MATERIAL TO PROCESS section start

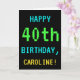Este sencillo y divertido diseño de tarjetas de felicitación de cumpleaños incluye un mensaje como "¡FELIZ CUMPLEAÑOS, CAROLINE!". También presenta un aspecto divertido y pixelado que recuerda a la aparición de los clásicos juegos de computadoras de la era de los 8 bits de los años 80 y principios de los 90. El nombre en la parte delantera y el mensaje en la parte interior se pueden personalizar. Se podría mandar o dar a alguien que esté celebrando su cuadragésimo cumpleaños, y que disfrute jugando videojuegos de época. [~Z0000099]
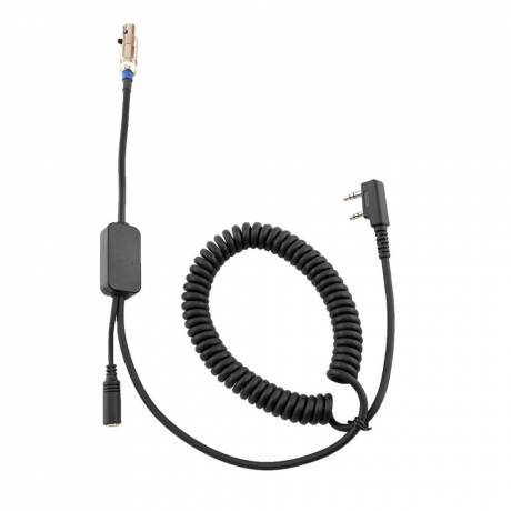 Spiral cable with CB01 connector (double jack mono 2.5 mm. & 3.5 mm.). Recommended for walkies with connection at the top side. To connect our electronics...
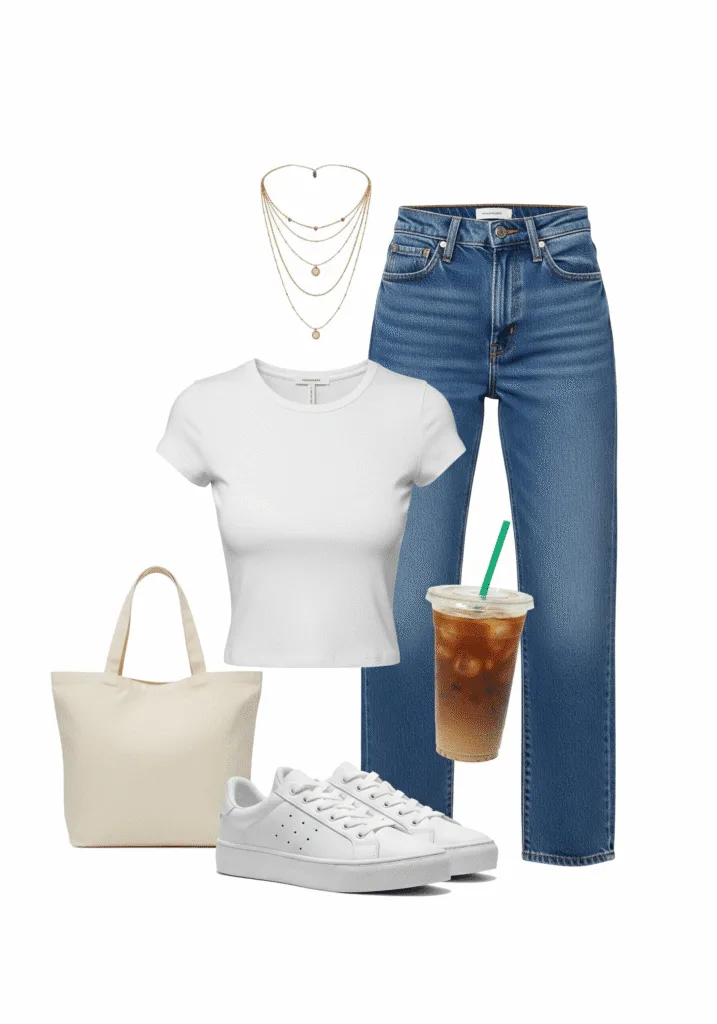 Stick with a timeless combination of blue straight-leg jeans and a fitted white tee, paired with crisp white sneakers. Accessorize with a canvas tote bag and layered necklaces for an understated yet elegant finish.
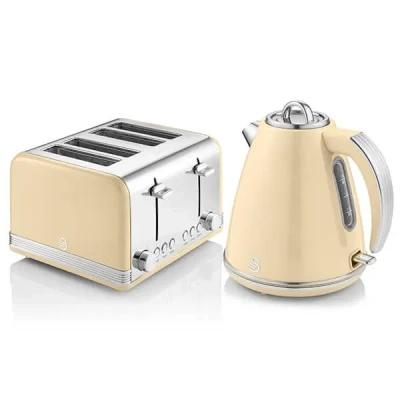 Add a touch of retro chic to your kitchen with the Swan Retro Cream Kettle & Toaster Set.Swan Retro Cream 1.5 Litre Jug Kettle -The durable stainless steel body houses a 3000W concealed heating element. The 360° rotating base with cord storage makes this jug kettle suitable for left or right handed use whilst a handy water gauge shows how much water is in the kettle. Other features include an automatic switch off function and overheat and boil dry protection.Swan 1.5 litre jug kettle dimensions: L 18.2cm x W 18cm x H 23.2cm.Swan Retro Cream 4 Slice Toaster -There are 6 levels of browning to choose from as well as cancel, reheat and defrost functions with red indicator lights. A high lift function makes removing smaller slices of toast easier. Other features include a removable crumb tray, cord storage and non-slip rubber feet.Swan 4 slice toaster dimensions: L 26.5cm x W 29.2cm x H 18.2cm.Part of the Swan Retro Collection - a classic range of appliances featuring the vintage retro designs and colours of the 50s, 60s and 70s.The Swan Retro Cream Kettle & Toaster Set is supplied with a 2 year manufacturer's guarantee.
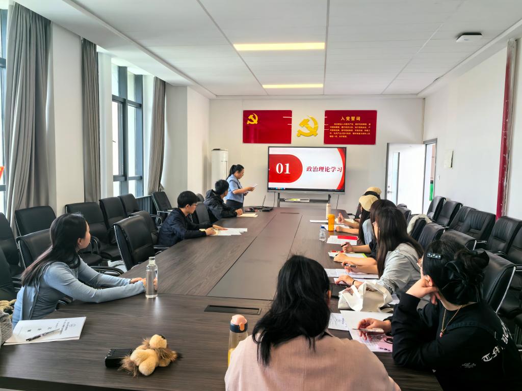 最后,鲁婷讲授学习党的二十届三中全会精神专题党课。在联系实际、交流研讨环节,围绕“作风建设永远在路上”这一主题,党员教师陈盈盈、张一诺、乔炎等结合工作实际作了交流发言。

MATERIAL TO PROCESS section end

**WORK REQUIRED**
I'd like the data above duplicated exactly, with no pictures included.

**ANSWER BOX**
Este sencillo y divertido diseño de tarjetas de felicitación de cumpleaños incluye un mensaje como "¡FELIZ CUMPLEAÑOS, CAROLINE!". También presenta un aspecto divertido y pixelado que recuerda a la aparición de los clásicos juegos de computadoras de la era de los 8 bits de los años 80 y principios de los 90. El nombre en la parte delantera y el mensaje en la parte interior se pueden personalizar. Se podría mandar o dar a alguien que esté celebrando su cuadragésimo cumpleaños, y que disfrute jugando videojuegos de época. [~Z0000099]
 Spiral cable with CB01 connector (double jack mono 2.5 mm. & 3.5 mm.). Recommended for walkies with connection at the top side. To connect our electronics...
 Stick with a timeless combination of blue straight-leg jeans and a fitted white tee, paired with crisp white sneakers. Accessorize with a canvas tote bag and layered necklaces for an understated yet elegant finish.
 Add a touch of retro chic to your kitchen with the Swan Retro Cream Kettle & Toaster Set.Swan Retro Cream 1.5 Litre Jug Kettle -The durable stainless steel body houses a 3000W concealed heating element. The 360° rotating base with cord storage makes this jug kettle suitable for left or right handed use whilst a handy water gauge shows how much water is in the kettle. Other features include an automatic switch off function and overheat and boil dry protection.Swan 1.5 litre jug kettle dimensions: L 18.2cm x W 18cm x H 23.2cm.Swan Retro Cream 4 Slice Toaster -There are 6 levels of browning to choose from as well as cancel, reheat and defrost functions with red indicator lights. A high lift function makes removing smaller slices of toast easier. Other features include a removable crumb tray, cord storage and non-slip rubber feet.Swan 4 slice toaster dimensions: L 26.5cm x W 29.2cm x H 18.2cm.Part of the Swan Retro Collection - a classic range of appliances featuring the vintage retro designs and colours of the 50s, 60s and 70s.The Swan Retro Cream Kettle & Toaster Set is supplied with a 2 year manufacturer's guarantee.
 最后,鲁婷讲授学习党的二十届三中全会精神专题党课。在联系实际、交流研讨环节,围绕“作风建设永远在路上”这一主题,党员教师陈盈盈、张一诺、乔炎等结合工作实际作了交流发言。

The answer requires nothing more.